The House Judiciary Committee filed a complaint in federal court Wednesday to enforce a subpoena compelling former White House Counsel Don McGahn to testify about his time in the Trump administration. It’s a move committee aides touted as another crucial step in weighing whether to move forward with impeachment proceedings.
“The Judiciary Committee is now determining whether to recommend articles of impeachment against the President based on the obstructive conduct described by the special counsel. But it cannot fulfill this most solemn constitutional responsibility without hearing testimony from a crucial witness to these events: former White House Counsel Donald F. McGahn II,” the complaint reads.
The announcement of this complaint comes less than two weeks after the committee filed suit to obtain the grand jury materials from Mueller’s report from the Department of Justice, another instance where they stressed the need to obtain the information in order to make a decision on impeachment.
McGahn was a key witness in the section of former Special Counsel Robert Mueller’s report on Russian interference in the election that assessed whether President Trump tried to obstruct the probe. Mueller laid out 10 instances of possible obstruction, but ultimately concluded he could not make a determination one way or the other. Attorney General William Barr then determined there wasn’t sufficient evidence to charge the president with obstruction. But McGahn, who reportedly spent over 30 hours with Mueller’s team, was a key witness in nearly all of those instances. It was McGahn, for instance, who refused a direction from the President to fire Mueller – threatening to quit before carrying it out – and then refused to deny the story when it appeared in the media.
“McGahn is indeed the most critical witness against the President on every level, he is the witness who can talk about every element of the offense from virtually all the obstructive actions that we’re looking at,” said an aide on the House Judiciary Committee.
After Mueller’s report was released to the public in April, the committee had issued a subpoena for McGahn to appear before the committee by May 21. McGahn, at the orders of the White House who argued that he was immune from a compulsory appearance, declined to do so. “Consistent with that advice as reflected in [a legal memorandum from the Department of Justice], the President has unambiguously directed my client not to comply with the Committee’s subpoena for testimony,” McGahn’s counsel William Burck wrote in a May 20 letter to House Judiciary Chairman Jerrold Nadler. “As with the subpoena for documents, Mr. McGahn again finds himself facing contradictory instructions from two co-equal branches of government.”
The complaint the committee filed in court seeks to dispel that notion of immunity, which one aide described as “spurious.” “It’s an invented doctrine that we think will, as it has before, not hold up to court scrutiny,” said the aide, noting that when former President George W. Bush’s White House Counsel Harriet Miers had issued a similar claim to avoid congressional testimony the court ruled against her.
Burck said in a statement Wednesday that if the court ruled in the committee’s favor, his client would appear, but indicated that was the only scenario in which he would comply with the subpoena.

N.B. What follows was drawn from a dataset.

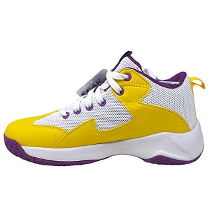 Estas zapatillas de baloncesto para niños/as están inspiradas en los vibrantes colores del equipo de la NBA Los Angeles Lakers. Diseñadas con la pasión del juego en mente, estas zapatillas ofrecen comodidad y estilo, permitiendo que los pequeños fanáticos lleven consigo el espíritu de su equipo favorito en la cancha. Con una combinación audaz de colores emblemáticos, estas zapatillas son la elección perfecta para los jóvenes jugadores/as que sueñan con brillar en la cancha como sus héroes de la NBA.

“People should not forget that Don McGahn is a lawyer and has an ethical obligation to protect client confidences, and as I have said before, Don does not believe he witnessed any violation of law. And the President instructed Don to cooperate fully with the special counsel but directed him not to testify to Congress unless the White House and the Committee reached an accommodation,” Burck said. “When faced with competing demands from co-equal branches of government, Don will follow his former client’s instruction, absent a contrary decision from the federal judiciary.”
The White House did not immediately respond to request for comment.
But even if the Judiciary Committee is correct in assessing that they have a winning argument, they still face one obstacle over which they have no control – timing. Although the committee has requested quick action from the court, they have no idea when a final decision could come. “[Its] very hard to predict,” one aide acknowledged. This lack of clarity that is unlikely to sit well with the growing group of activists and lawmakers who want to see the House of Representatives launch impeachment proceedings immediately.
That committee aide, however, disputed the notion that waiting for these legal decisions could cause agitation. I don’t think anyone should assume that we’re just going to be sitting and waiting for judicial decisions,” the aide said. “We have a lot of other activity that we’re pursuing…all with the goal of gathering as much evidence as possible that we can ultimately use any hearing to inform the committee’s decision making about articles of impeachment.”